-1

I am trying to rename columns in multiple dataframes and convert those columns to an integer. This is the code I have:

def clean_col(df,col_name):
    df.reset_index(inplace=True)
    df.rename(columns={df.columns[0]:'Date', df.columns[1]: col_name},inplace=True)
    df[col_name]=df[col_name].apply(lambda x: int(x))

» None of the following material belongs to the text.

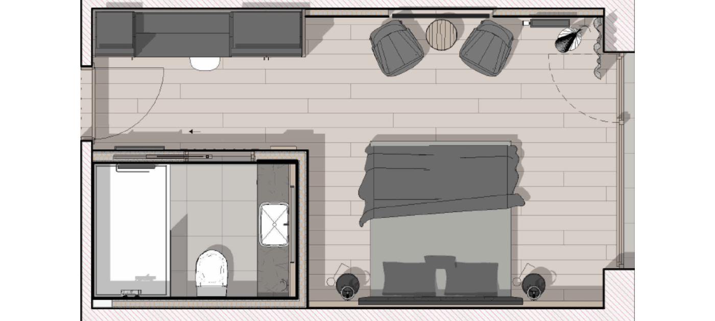 Il bagno a vista, realizzato con superfici moderne, si integra armoniosamente nel concetto della camera.

I have a dictionary of the dataframe names and the new name of the columns:

d = {
    all_df: "all",
    coal_df: "coal",
    liquids_df: "liquids",
    coke_df: "coke",
    natural_gas_df: "natural_gas",
    nuclear_df: "nuclear",
    hydro_electricity_df: "hydro",
    wind_df: "wind",
    utility_solar_df: "utility_solar",
    geothermal_df: "geo_thermal",
    wood_biomass_df: "biomass_wood",
    biomass_other_df: "biomass_other",
    other_df: "other",
    solar_all_df: "all_solar",
}
for i, (key, value) in enumerate(d.items()):
    clean_col(key, value)

And this is the error I am getting:

TypeError: 'DataFrame' objects are mutable, thus they cannot be hashed

Any help would be appreciated

a11
  • 3,122
  • 4
  • 27
  • 66
Shawn Jamal
  • 170
  • 8

3 Answers3

2

You are on the right track by using a dictionary to link your old and new column names. If you loop through your list of dataframes; then loop through your new column names dictionary, that will work.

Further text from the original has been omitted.